=== EXERCISE DETAILS ===
Output each line of the data below exactly, omitting any image.

=== PROVIDED DATA ===
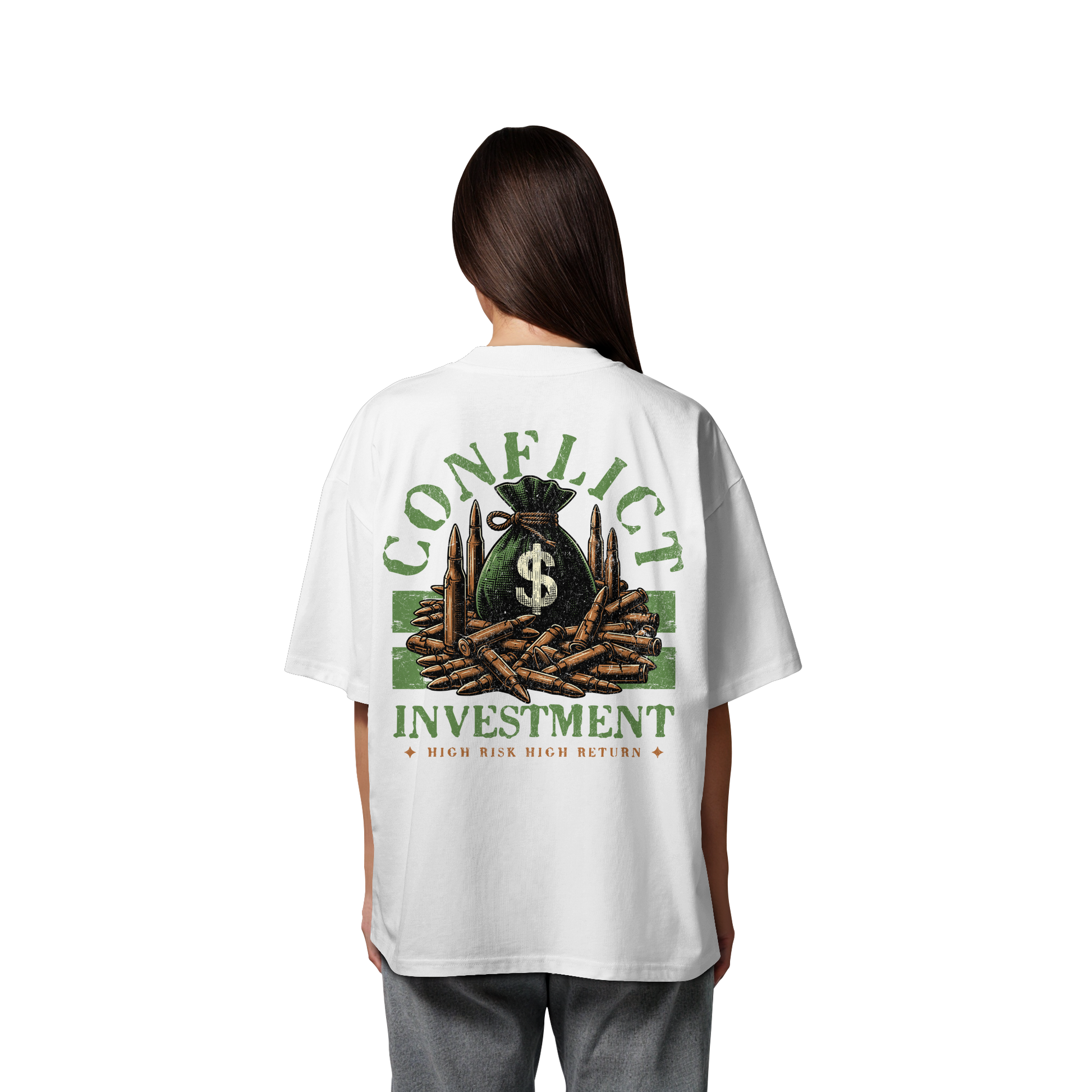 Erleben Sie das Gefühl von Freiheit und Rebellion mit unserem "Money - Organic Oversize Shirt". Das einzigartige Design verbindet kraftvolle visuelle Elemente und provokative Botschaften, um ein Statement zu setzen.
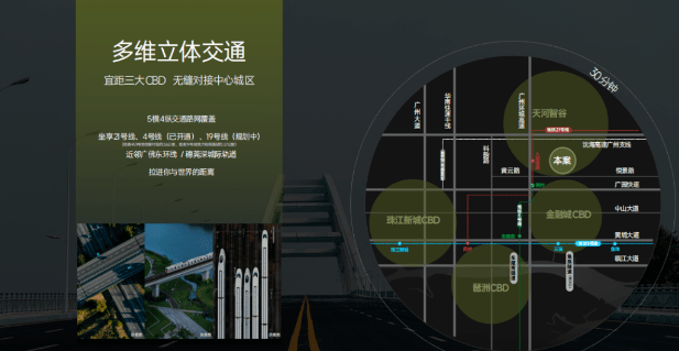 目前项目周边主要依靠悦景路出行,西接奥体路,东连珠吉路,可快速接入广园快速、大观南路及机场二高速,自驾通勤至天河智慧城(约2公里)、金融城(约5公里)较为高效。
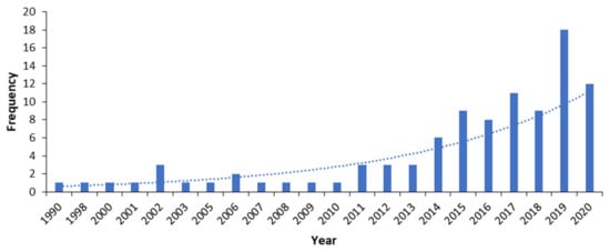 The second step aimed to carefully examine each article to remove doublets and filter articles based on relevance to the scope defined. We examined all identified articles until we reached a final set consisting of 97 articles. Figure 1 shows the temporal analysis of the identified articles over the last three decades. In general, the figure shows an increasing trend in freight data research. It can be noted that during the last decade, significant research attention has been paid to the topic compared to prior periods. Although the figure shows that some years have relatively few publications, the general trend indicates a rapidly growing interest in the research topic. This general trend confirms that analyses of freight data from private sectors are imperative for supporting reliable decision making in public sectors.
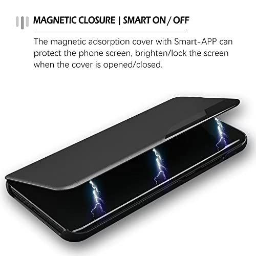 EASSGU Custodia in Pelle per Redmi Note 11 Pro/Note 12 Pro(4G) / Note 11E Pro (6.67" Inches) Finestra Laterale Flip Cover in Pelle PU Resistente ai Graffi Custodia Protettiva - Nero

=== SOLUTION TO THIS TASK ===
 Erleben Sie das Gefühl von Freiheit und Rebellion mit unserem "Money - Organic Oversize Shirt". Das einzigartige Design verbindet kraftvolle visuelle Elemente und provokative Botschaften, um ein Statement zu setzen.
 目前项目周边主要依靠悦景路出行,西接奥体路,东连珠吉路,可快速接入广园快速、大观南路及机场二高速,自驾通勤至天河智慧城(约2公里)、金融城(约5公里)较为高效。
 The second step aimed to carefully examine each article to remove doublets and filter articles based on relevance to the scope defined. We examined all identified articles until we reached a final set consisting of 97 articles. Figure 1 shows the temporal analysis of the identified articles over the last three decades. In general, the figure shows an increasing trend in freight data research. It can be noted that during the last decade, significant research attention has been paid to the topic compared to prior periods. Although the figure shows that some years have relatively few publications, the general trend indicates a rapidly growing interest in the research topic. This general trend confirms that analyses of freight data from private sectors are imperative for supporting reliable decision making in public sectors.
 EASSGU Custodia in Pelle per Redmi Note 11 Pro/Note 12 Pro(4G) / Note 11E Pro (6.67" Inches) Finestra Laterale Flip Cover in Pelle PU Resistente ai Graffi Custodia Protettiva - Nero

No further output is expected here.